Four books at least are now in preparation, that is, I have managed to
disentangle the strands from all the reading I have been doing over the past
few years as part of the grand project with trying to save Alfred Dreyfus from
his detractors and trivilializers—those who still see him as no more than a
dull, unimaginative military engineer and boring bourgeois husband and father. These forthcoming books are taking shape as
follows:
1. (1) The fourth in the series on Dreyfus
himself. This will concentrate on
recently available notebooks and letters dealing with his service in the Great
War, his participation in the salon of the Countess Marie Viscont-Arconanti,
his reviewing of books for the Journal
historique, and other data on his life between the almost complete
vindication of his innocence in 1906m and his death in 1935.

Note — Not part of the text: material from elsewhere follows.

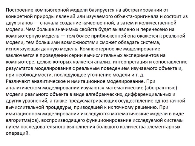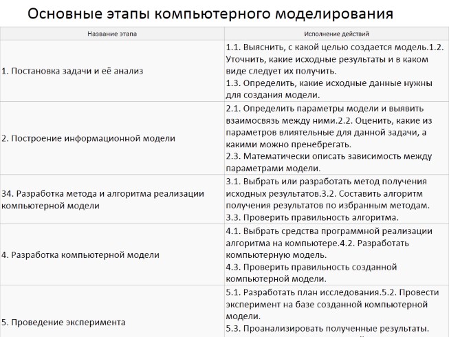 Построение компьютерной модели базируется на абстрагировании от конкретной природы явлений или изучаемого объекта-оригинала и состоит из двух этапов — сначала создание качественной, а затем и количественной модели. Чем больше значимых свойств будет выявлено и перенесено на компьютерную модель — тем более приближенной она окажется к реальной модели, тем большими возможностями сможет обладать система, использующая данную модель. Компьютерное же моделирование заключается в проведении серии вычислительных экспериментов на компьютере, целью которых является анализ, интерпретация и сопоставление результатов моделирования с реальным поведением изучаемого объекта и, при необходимости, последующее уточнение модели и т. д.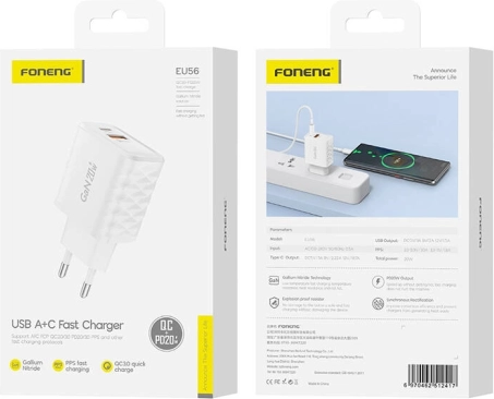 Foneng Charger EU56 is a powerful and fast charging solution thanks to GaN technology. It offers fast charging with a power of 20W and supports a range of fast charging protocols.

2. (2) A study of a cluster of Jewish and pseudo/quasi
Jewish intellectuals and artists around the fin de siècle consisting of men and
women who thought they could safely assimilate into a tolerant, liberal society
in western and central Europe but who discovered that neither their
accomplishments could ensure them safety or an enduring reputation where
anti-Semitism was dominant and increasingly pervasive. By pseudo and quasi Jews I mean those persons
who were mis-identified as Jews because of their associations with and
favourable treatment of Jews in their works or who through marriage and
conversion actually tried to live, think and feel as Jews in times of stress.
3. (3) A history of the relationship between Salomon
Reinach and his Christian opponents and rivals in the controversy that arose
over his publication of Orpheus in
1909, a book which had the temerity to treat Judaism and Christianity as types
within a model of comparative religions, and which treated all religions as
superstitions, historical constructs and oppressive regimes of intolerance and
persecution. Though many other scholars,
clerical or lay, were saying similar things, it was Reinach the assimilated Jew
who was targeted for his arrogance and inappropriate disregard for the
conventions of Christian society.
4. (4) A study of how the Jewish Imagination
challenges and creates the world through midrash and science. It is not that the Jewish imagination is
completely different from any other, but that its emphases, its nuances, and
rejection of certain experiences makes it distinct. In this book, I will examine closely the
various variations in sensual experience—the five senses as they register in a
textualized mind, one that thinks in terms of words and intellectual concepts—and
the kinds of artistic (aesthetic) forms of expression that are traditional to
Jewish life. In addition, because the
Jews entered modern society at a fairly late period and used their intellectual
skills to make advances in the sciences, from historiography and other social
disciplines through to the hard sciences of mathematics, physics, and so on, I
will spend time looking at the way Jews manipulated the technologies of
photography, cinema, voice recordings, radio and so on.